In both instances, the Naive Bayes model served as the basis for comparison. Renowned for its efficacy in text classification, Naive Bayes excels in multi-classification tasks, often outperforming alternative models (Ray, 2023).
Utilizing Multinomial Naive Bayes from SKLearn, Traditional ML achieved a superior test accuracy compared to TextBlob's Naive Bayes Classifier. This disparity may stem from custom preprocessing steps employed independently, diverging from the constraints of the TextBlob library. Unlike TextBlob, the library lacks customization options and parameter hyper-tuning capabilities.
Upon examining the top features of both methods, TextBlob predominantly yields adjectives. While these words distinctly convey sentiment, such as 'flimsy,' 'shame,' and 'unflattering' signaling negativity, they offer limited additional insights to stakeholders. The challenge lies in comprehending the underlying reasons behind the sentiment, as adjectives alone may not provide sufficient context or specific actionable points for improvement.
Conversely, Traditional ML's top words encompass both adjectives and nouns. Notably, negative reviews feature terms like 'dress,' 'fit,' and 'size.' This signals a need for alterations in garment fit and size, especially for dresses. Surprisingly, positive terms like 'like' and 'love' emerge as top features for negative reviews, warranting deeper investigation into the context and nuances of such occurrences.
Conclusion and Recommendations
Conclusion
Although leveraging libraries like TextBlob provides convenient access to text classification methods, it comes at the cost of reduced visibility and customization compared to a bespoke model.
Both models exhibit high accuracy and surpass the Proportion Chance Criterion, with Multinomial Naive Bayes achieving slightly superior accuracy compared to TextBlob.
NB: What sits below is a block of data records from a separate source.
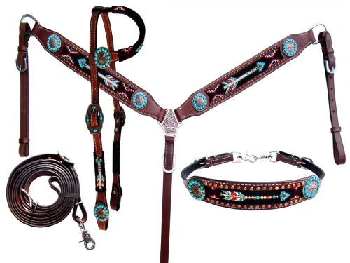 4 Piece beaded arrow headstall and breast collar set. This set features medium leather with a beaded arrow design inlay and is accented with turquoise stone arrow conchos. This set comes with single ear headstall, breast collar, wither strap and contest reins.Β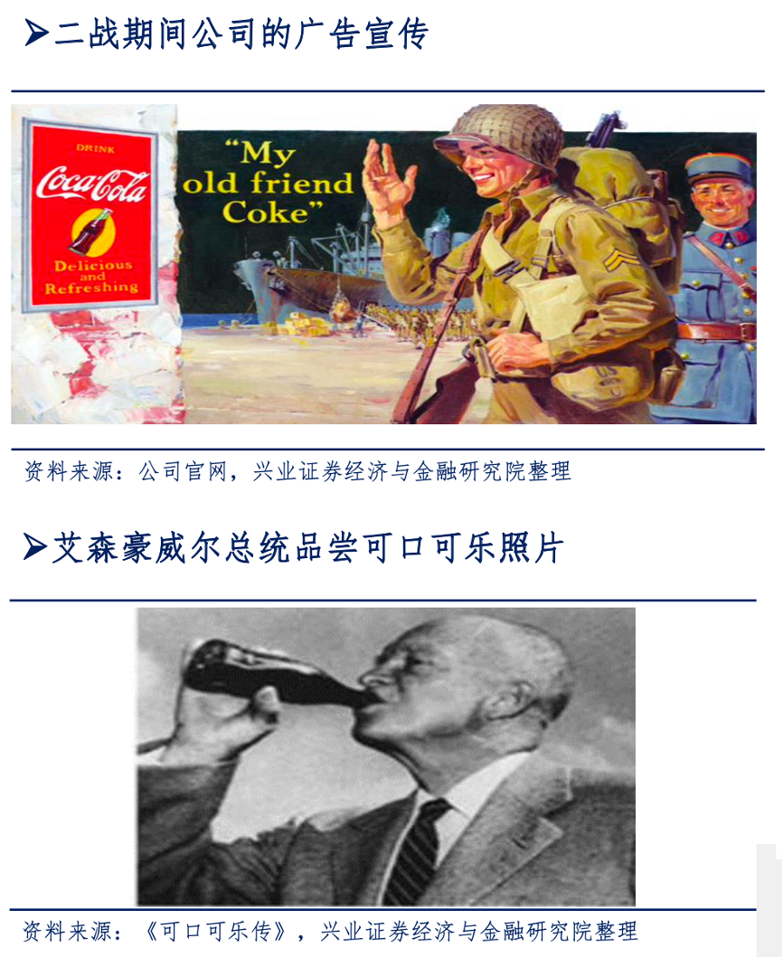 經(jīng)典案例:根據(jù)公司官網(wǎng)、《可口可樂傳》、興業(yè)證券經(jīng)濟(jì)與金融研究院等綜合資訊表明,可口可樂在戰(zhàn)時(shí)積極宣傳營銷其對美軍作戰(zhàn)做出的貢獻(xiàn),樹立了深入人心的愛國形象,這正迎合了戰(zhàn)爭時(shí)期民眾高漲的愛國熱情,使得可口可樂 進(jìn)一步成為了美國人心中的“國民飲料”。其為了凸顯產(chǎn)品的“美國”概念,常常邀請美國政府官員,尤其是各位總統(tǒng)品嘗可口可樂,并將照片加以宣傳,這更是使得可口可樂成為美國二戰(zhàn)后的一張閃亮的“名片”。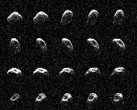 NASA Radar Reveals Features on AsteroidPasadena CA (JPL) Jan 13, 2011 Radar imaging at NASA's Goldstone Solar System Radar in the California desert on Dec. 11 and 12, 2010, revealed defining characteristics of recently discovered asteroid 2010 JL33. The images have been made into a short movie that shows the celestial object's rotation and shape. A team led by Marina Brozovic, a scientist at NASA's Jet Propulsion Laboratory in Pasadena, Calif., made the disc ... read more |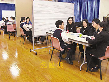 中新網(wǎng)1月14日電 升中學(xué)面試對香港小學(xué)生而言,有著舉足輕重的影響,故有小學(xué)日前舉行大型模擬面試,約50名高小學(xué)生家長搖身變成威嚴十足的面試官,以流利的兩文三語考核學(xué)生,協(xié)助近170名小六生預(yù)演氣氛緊張的升中面試。有學(xué)生早在1周前已認真準備,把握練習(xí)機會,全力爭取入讀心儀英文中學(xué)的機會。

TextBlob serves as an excellent choice for rapid implementation of text classification tasks, offering simplicity and ease of use. On the other hand, a custom model is ideal for situations demanding meticulous customization and seamless integration into a workflow, particularly when specific preprocessing of the data is required.
Recommendations
For individuals with a keen interest in Natural Language Processing (NLP), we highly recommend exploring and experimenting with the diverse functionalities offered by TextBlob. The versatility of TextBlob makes it an excellent tool for tasks such as sentiment analysis, part-of-speech tagging, and more.
Furthermore, we suggest considering the creation of a custom text classification model for those seeking greater flexibility and control, particularly in scenarios where specific requirements need to be addressed on a case-by-case basis. Custom models allow for the implementation of various preprocessing settings and methods, providing an opportunity for optimization based on specific needs. We encourage individuals to explore and experiment with different preprocessing approaches, as this can significantly impact the performance and effectiveness of a custom NLP model.
References
Loria, S. (2013). TextBlob Documentation. TextBlob. Retrieved December 9, 2023 from https://textblob.readthedocs.io/en/dev/index.html
Nicapotato. (2017). Women's E-Commerce Clothing Reviews. Retrieved December 9, 2023 from https://www.kaggle.com/datasets/nicapotato/womens-ecommerce-clothing-reviews
Ray, S. (2023, December 1). Naive Bayes Classifier Explained: Applications and Practice Problems of Naive Bayes Classifier. Analytics Vidhya. Retrieved December 9, 2023 from https://www.analyticsvidhya.com/blog/2017/09/naive-bayes-explained/
Note: ChatGPT was used to generate code, and paraphrase the thoughts of the author.